Maybe the cannibalized candidates should be considered collateral eliminations?

Not bad. With fish, the term remora has been used for the smaller fish that picked off "cannibalized candidates" of larger fish. Hence, a food name for both remora and its host might be appropriate too.

[PIsaacson]

I'm starting to believe that after constructing an ALS chain, especially a dual-linked variety, I should use subset counting or base/cover analysis to locate the complete set of candidate eliminations. If so, then the r9c2<>8 reduction can be included based on subset counting of my ALS cannibalistic example, raising the total to 13 eliminations.

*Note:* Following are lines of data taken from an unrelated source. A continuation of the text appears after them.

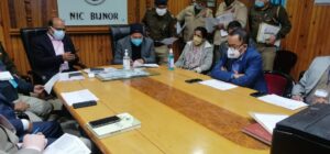 बिजनौर। विधान सभा सामान्य निर्वाचन-2022 को पूर्ण रूप से निष्पक्ष, पारदर्शी एवं स्वतंत्र रूप से सम्पन्न कराने के लिए मा0 प्रेक्षकगणों की अध्यक्षता में कलेक्ट्रेट सभागार में जिला प्रशासन द्वारा की जाने वाली निर्वाचन सम्बन्धी तैयारियों की समीक्षा बैठक आहूत की गई। इस अवसर पर सभी विधानसभा क्षेत्रों के लिए भारत निर्वाचन आयोग द्वारा नियुक्त मा0 प्रेक्षकगण, जिलाधिकारी उमेश मिश्रा, पुलिस अधीक्षक डा0 धर्मवीर सिंह, मुख्य विकास अधिकारी के0पी0 सिंह, अपर जिलाधिकारी प्रशासन विनय कुमार सिंह, अपर पुलिस अधीक्षक नगर डा0 प्रवीण रंजन सहित अन्य अधिकारी एवं लाइजन आाफिसर मौजूद थे।
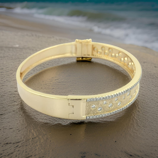 Elegant 7/10CTW Bangle Bracelet in 14K Gold Plated Silver | Pave Set Moissanite/Lab Grown Diamond | Best Gift for All Occasions & Party Wear
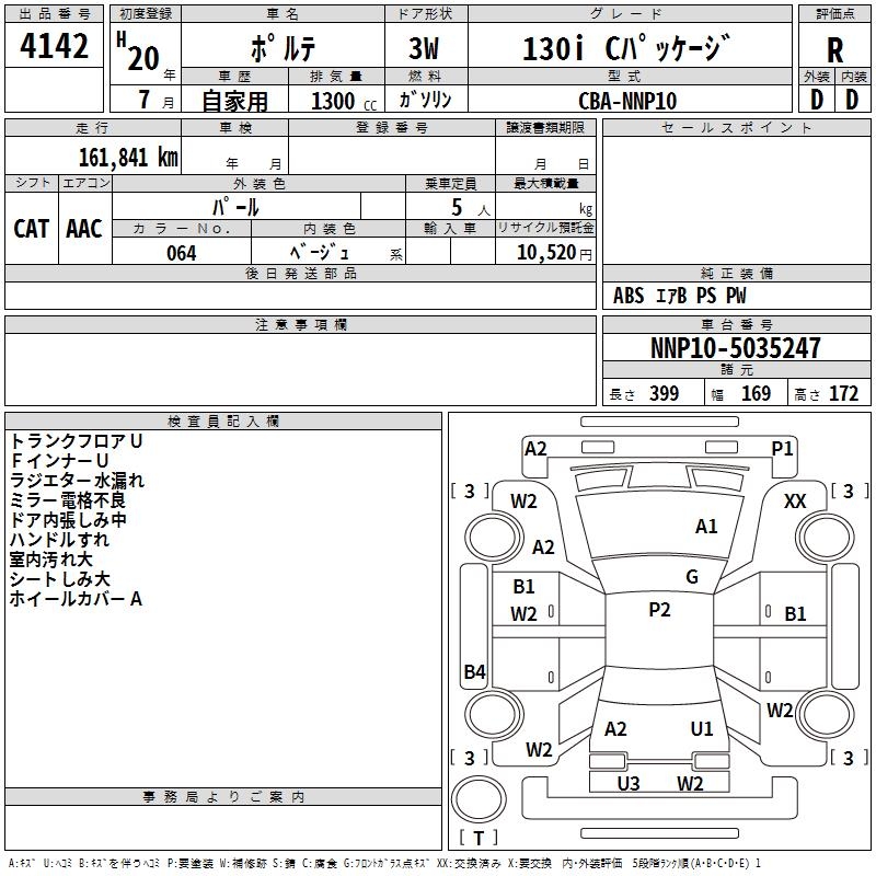 TOYOTA PORTE 130I C PACKAGE - лот 4142
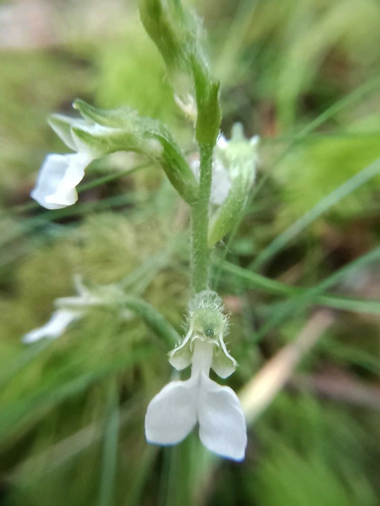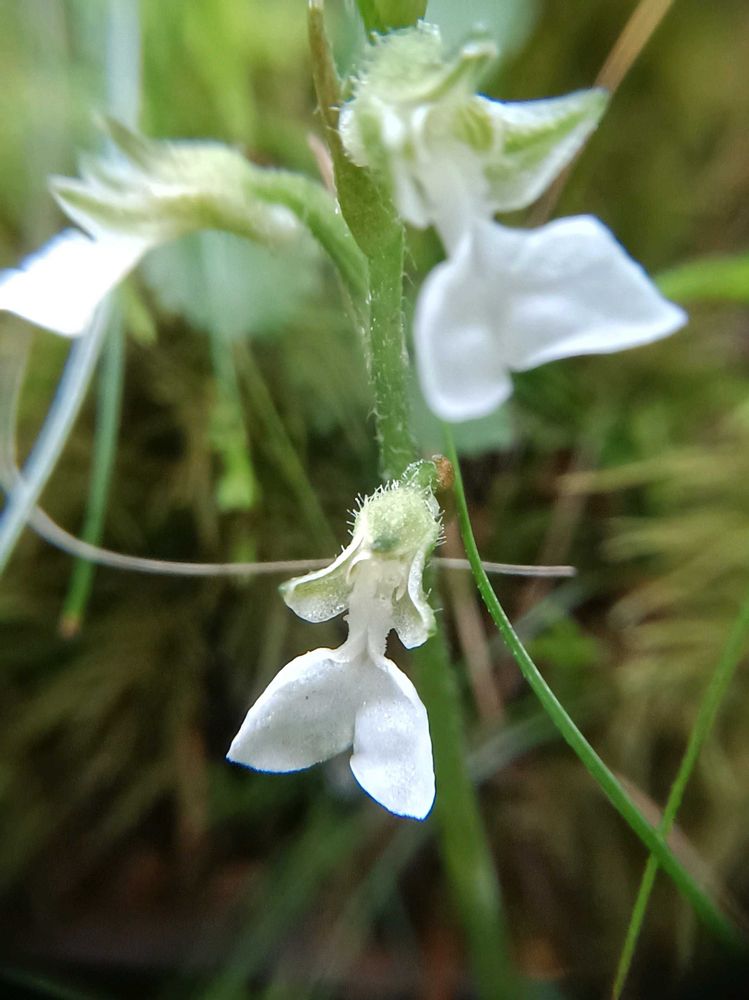 7~8月、直立した茎の先端に1~4個の白色の花をつける。子房、苞、萼片は細かい軟毛がある。側萼片の基部は合着してふくらみ、唇弁の基部を包む。唇弁の先端は長楕円状四角形となる

However, I'm still uncertain whether or not there is agreement on allowing ALS chains to exhibit cannibalism, regardless of how they can be redefined or expressed in alternative POVs. Clearly, the ALSs that I presented performed an act of self immolation. I believe that everyone who's look at this thinks this particular case is okay, but is that sufficient to generalize to an all encompassing rule?

[aran]

I'm starting to believe that after constructing an ALS chain, especially a dual-linked variety, I should use subset counting or base/cover analysis to locate the complete set of candidate eliminations. If so, then the r9c2<>8 reduction can be included based on subset counting of my ALS cannibalistic example, raising the total to 13 eliminations.

However, I'm still uncertain whether or not there is agreement on allowing ALS chains to exhibit cannibalism, regardless of how they can be redefined or expressed in alternative POVs. Clearly, the ALSs that I presented performed an act of self immolation. I believe that everyone who's look at this thinks this particular case is okay, but is that sufficient to generalize to an all encompassing rule?

I'm not clear why anybody would want to avoid the cannibalizing brethren. They do a very good job.
The logic is well-founded, and the principle is this :
if any candidate in one ALS, other than both dual-linking candidates, see all instances of that candidate in the other ALS, then it is eliminated.

[ronk]

I'm starting to believe that after constructing an ALS chain, especially a dual-linked variety, I should use subset counting or base/cover analysis to locate the complete set of candidate eliminations. If so, then the r9c2<>8 reduction can be included based on subset counting of my ALS cannibalistic example, raising the total to 13 eliminations.

While it makes for a more impressive example when posting, I don't think it's worth the trouble for a programmed solver. Such eliminations will be picked up by a locked candidates technique (aka box/line interaction), which programmed solvers will likely execute whether or not there's an elimination left to be found.

I'm still uncertain whether or not there is agreement on allowing ALS chains to exhibit cannibalism, regardless of how they can be redefined or expressed in alternative POVs.

If you exhaustively search for ALS xz-rule eliminations of size N (and smaller), I don't think there will be any cannibalistic ALS xz-rule eliminations of size N+1 remaining. Here N is the total number of cells in the two sets.

But anytime a cannibalistic elimination is encountered, take it.